Create Athena Saved Queries to Write new Data

Next we setup your recurring Athena queries. These will run each time a new CUR file is delivered, separate out the information for the sub accounts, and write it to the output S3 location. These queries will be very similar to the one above, except it will only extract data for the current month.

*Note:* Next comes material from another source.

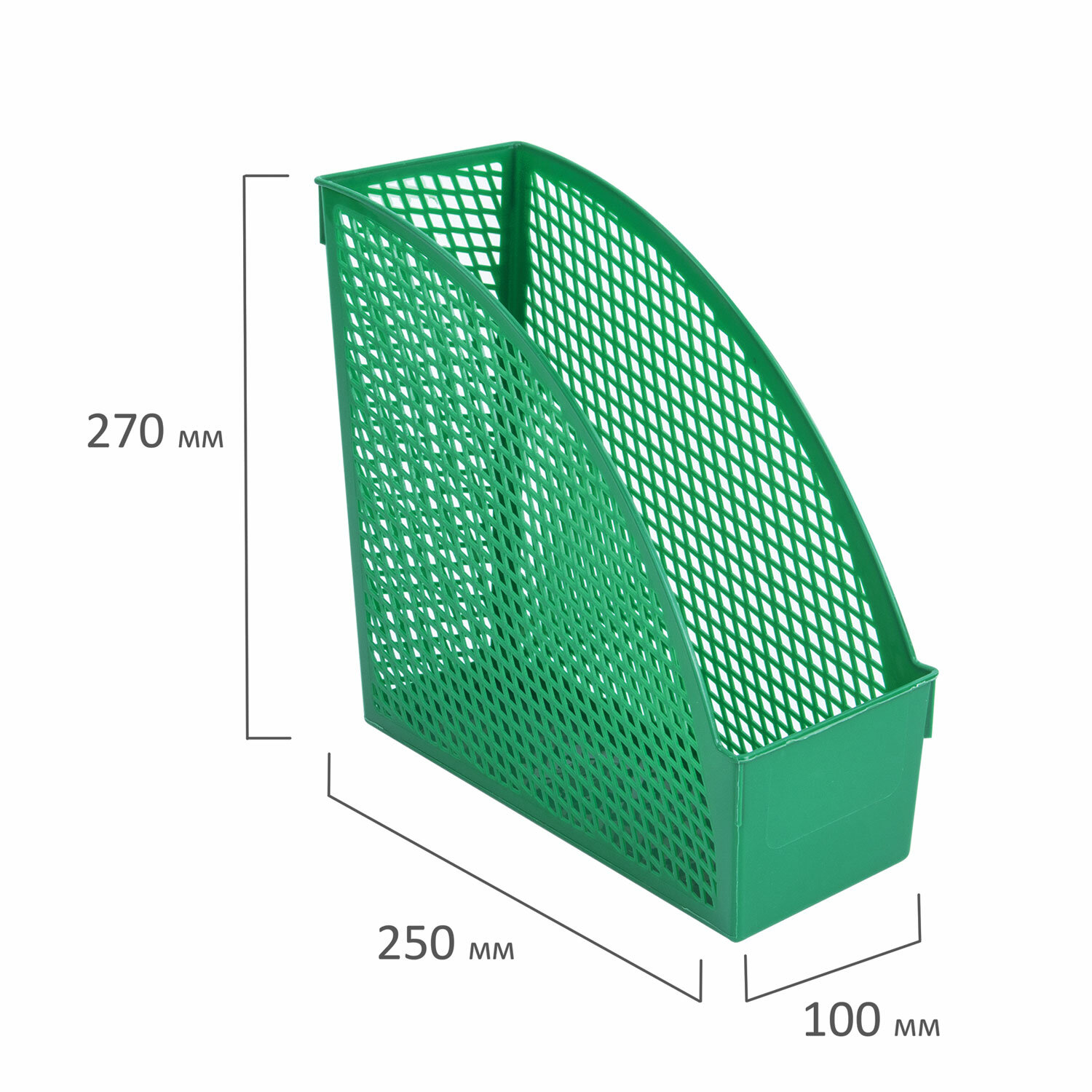Предназначен для хранения бумажной продукции формата А4 на столе или в шкафу. Изготовлен из полипропилена черного цвета. Прочная сетчатая поверхность. Одно вместительное отделение шириной 100 мм. Устойчивая конструкция. Размер - 270х250 мм.

You must write one query for the extraction of the data, which will create a temporary table, and then a second query to delete the table. As the system has been written for future expansion, you must adhere to the guidelines below when writing and naming statements (other wise you will need to change the code):

  • The queries MUST start with: create_linked_ and delete_linked_ otherwise you’ll need to modify the Lambda function. As Lambda looks for this string to identify these queries to automatically run when new files are delivered
  • The output location must also end in the actual word subfolder as this will be re-written by the lambda function, to the current year and month
  • The queries must include the component CAST(bill_billing_period_start_date as VARCHAR) like concat(substr(CAST(current_date as VARCHAR),1,7),'-01%') which ensures the query only gets data from the current month
  • There is no need to include the columns year as year_1 and month as month_1, as that was only used for partitioning

1 - Create the saved query in Athena named create_linked_folder-name, the following sample code is the accompanying query for the previous query above:

CREATE TABLE (database).temp_table
WITH ( format = 'Parquet', parquet_compression = 'GZIP', external_location = 's3://(bucket)/(folder)/subfolder') AS
SELECT *
FROM "(database)"."(table)"
WHERE line_item_usage_account_id = '(some value)' AND
        (year=CAST(year(current_date- INTERVAL '__interval__' MONTH) AS VARCHAR)) AND month=CAST(month(current_date- INTERVAL '__interval__' MONTH) AS VARCHAR)

2 - Create the accompanying delete statement named delete_linked_folder-name to delete the temporary table:

drop TABLE IF EXISTS (database).temp_table;

3 - Repeat the steps above for any additional create and delete queries as required.